Especialistas como Mary Abukutsa-Onyango, professora de horticultura da Universidade de Agricultura e Tecnologia Jomo Kenyatta, no Quênia, estão alertando que a desertificação está reduzindo rapidamente a quantidade de terras disponíveis para a agricultura.

Os especialistas agroflorestais estão incentivando cada vez mais os agricultores a incorporar os esforços de integração “para que possam se beneficiar da colheita de muitas culturas e não apenas plantar milho na mesma plantação a cada ano”, diz Matengarufu.

Abukutsa-Onyango acrescenta que o pobre sistema de sementes na África tornou difícil para os agricultores amortecerem suas terras de uma maior degradação.

Pesquisas mostram que, para a África subsaariana melhorar a produção, é necessário revisar o sistema de sementes e reduzir a idade média das sementes comumente cultivadas dos atuais 15 para 20 anos para abaixo de 10 anos.

“As fazendas estão perdendo rapidamente sua capacidade de produzir porque economizam sementes de safras anteriores, tomam emprestado de seus vizinhos ou compram sementes não certificadas de seus mercados locais. Essas sementes não podem resistir aos sérios desafios enfrentados pelo setor agrícola ”, diz Abukutsa-Onyango.

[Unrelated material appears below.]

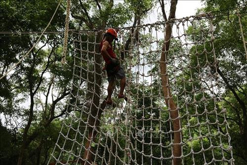 | Thử sức với trò chơi trên cây. Ảnh: Mạnh Thành-TTXVN |

Em países como o Quénia, os agricultores do Malawi e do Zimbabwe recebem pelo menos 90 por cento das suas sementes do sector informal. Uma pesquisa da Aliança por uma Revolução Verde na África (AGRA) mostra que, em média, apenas 20 por cento dos agricultores na África usam sementes de variedades melhoradas.

“Para que os países africanos alcancem a segurança alimentar e nutricional, os agricultores devem ter acesso a variedades de alto rendimento que são projetadas para se adaptar e florescer, apesar das altas temperaturas e do clima irregular que estamos experimentando”, diz Abukutsa-Onyango.

Neste contexto, a AGRA denuncia o facto de ainda existirem muito poucas empresas locais privadas produtoras de sementes em toda a África.

A AGRA continua a pressionar por mais dessas empresas. A aliança contribuiu para o aumento das empresas locais de sementes em toda a África Subsaariana, excluindo a África do Sul, de um 10 insignificante em 2007 para pelo menos 10 vezes em 2018.

Especialistas enfatizam que, em média, o uso de sementes melhoradas e práticas agrícolas adequadas permitirão aos agricultores produzir mais do que o dobro do que estão produzindo atualmente.

Moshi, no entanto, diz que a batalha para combater os efeitos da seca e da desertificação está longe de ser vencida.

Ele critica a exclusão das comunidades locais e a falta geral de conscientização, particularmente entre os agricultores, sobre a conexão entre a gestão precária da terra e a degradação da terra.

“Também dividimos opiniões entre as partes interessadas e especialistas em estratégias eficazes para combater a desertificação, restrições financeiras e, em muitos países, falta de boa vontade política”, conclui.